It’s well known that the 10 to 100 trillion bacterial cells that live in the human intestinal tract (comprising the gut microbiome) help digest food, provide essential micronutrients, and keep harmful bacteria from overwhelming us. Disturbances in the gut microbiome (so-called dysbiosis) have been associated with various illnesses, such as colorectal cancer, obesity, and IBS (irritable bowel syndrome), with a possible role, also for Alzheimer’s disease and other abnormalities of the brain.
To this list, we can now add rheumatoid arthritis (RA).
Earlier this month, Jose Scher and his colleagues, in a report published in eLIFE, presented evidence (based on DNA sequencing of 16S ribosomal genes) that sufferers of newly diagnosed, as-yet-untreated RA have a gut biome that is significantly enriched in Prevotella copri, a bacterium that exists as a minority species in the normal microbiota.
Overall, 75% of new-onset untreated rheumatoid arthritis (NORA) patients had P. copri versus 11.5% for chronic, treated AR patients and 21.4% of healthy controls.
To see if the Prevotella-associated metagenome is sufficient to predispose to increased inflammatory responses, antibiotic-treated mice were colonized with P. copri by oral gavage. Analysis of DNA extracted from fecal samples two weeks post-gavage confirmed robust colonization with P. copri. Said the researchers:
In comparison to fecal DNA from mice gavaged with media alone, P. copri-colonized mice had reduced Bacteroidales and Lachnospiraceae… Consistent with a previous report of a Prevotella taxon exacerbating an inflammatory phenotype (Elinav et al., 2011), exposure of P. copri-colonized mice to 2% dextran sulfate sodium (DSS) in drinking water for 7 days resulted in more severe colitis as assessed by enhanced weight loss, worse endoscopic score, and increased epithelial damage on histological analysis when compared to littermate controls gavaged with media alone… These data suggest that a Prevotella-defined microbiome may have the propensity to support inflammation in the context of a genetically susceptible host.
It is well established that RA is a multifactorial disease that occurs in sequential phases. Typically, the disease is preceded by a prolonged period of autoimmunity (i.e., presence of circulating auto-antibodies), in a pre-clinical state that lasts many years, during which time one sees no clinical or histologic evidence of inflammatory arthritis. With the onset of clinical disease, auto-antibodies increase along with circulating pro-inflammatory cytokines. This has led to the so-called “second-event” hypothesis in RA, which proposes that an environmental factor of some kind triggers systemic joint inflammation in the context of pre-existent autoimmunity. A change in the gut microbiome (of a kind that favors Prevotella copri) might be the final triggering event.
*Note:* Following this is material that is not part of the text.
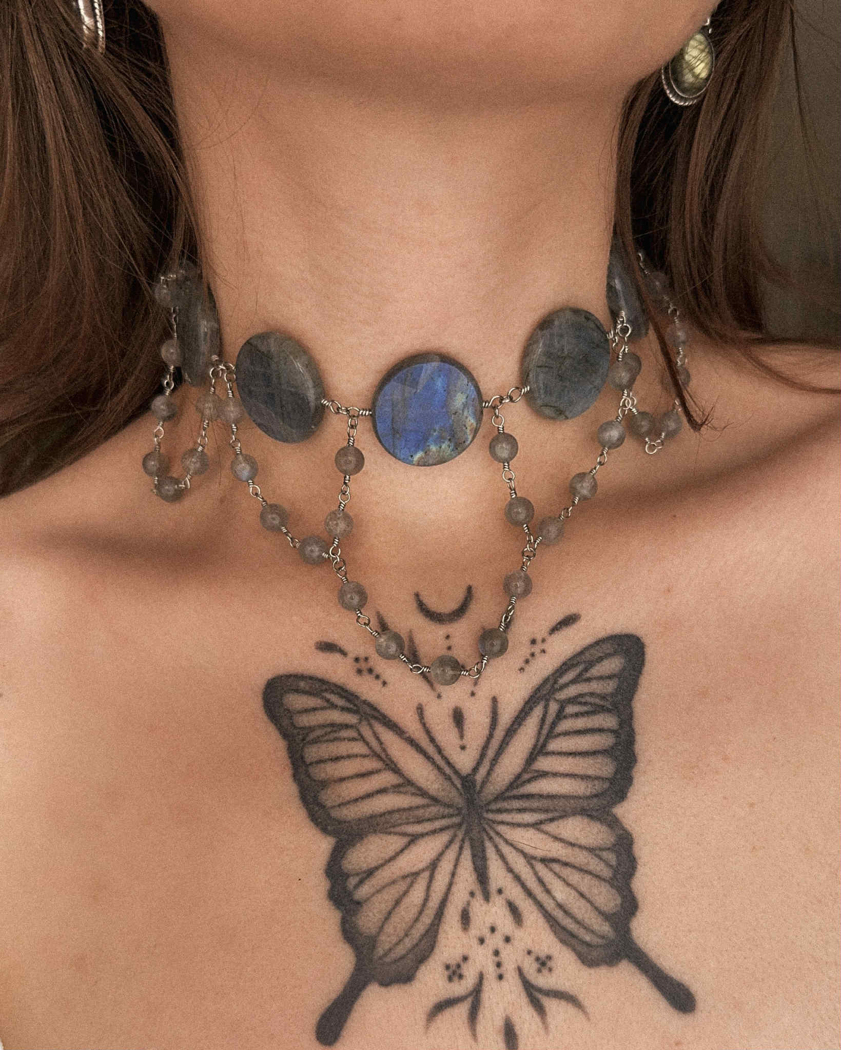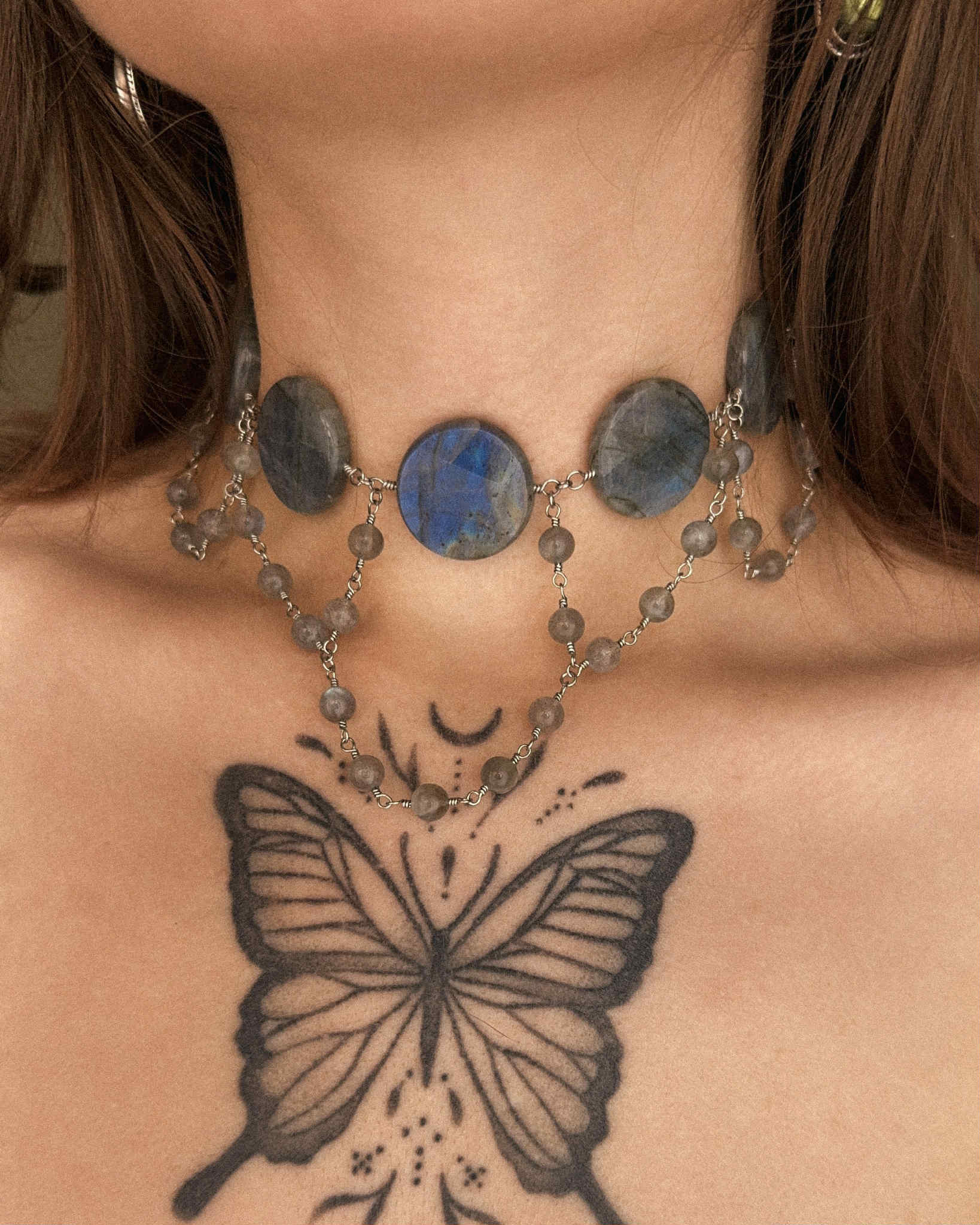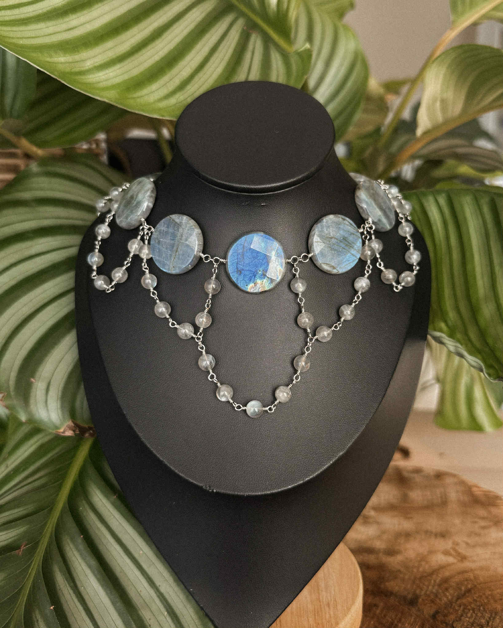 Laurelin est un collier réalisé à la main, composé de perles de labradorite naturelles, montées sur acier inoxydable. Comme toutes les créations Crystalia, il est ajustable grâce à une chaîne d’extension.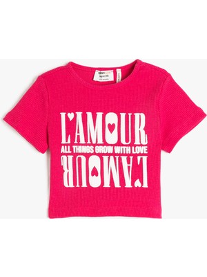 Koton Crop Tişört Kısa Kollu Baskılı Bisiklet Yaka Fitilli

The report by Scher et al. by no means proves a causal role for gut bacteria in development of RA, but it adds new handwriting on the wall (saying that gut bacteria may very well play a role in development of RA) and points the way to new research and/or additional prevention and treatment options (perhaps involving probiotics and/or fecal transplant technology). If nothing else, it underscores the importance of gut bacteria (which outnumber human cells ten-to-one) in keeping our bodies healthy and points up the fact that the human body is, at the end of the day, an ecosystem that (like any other ecosystem) relies on a delicate balance between competing and cooperating elements for its ongoing successful existence.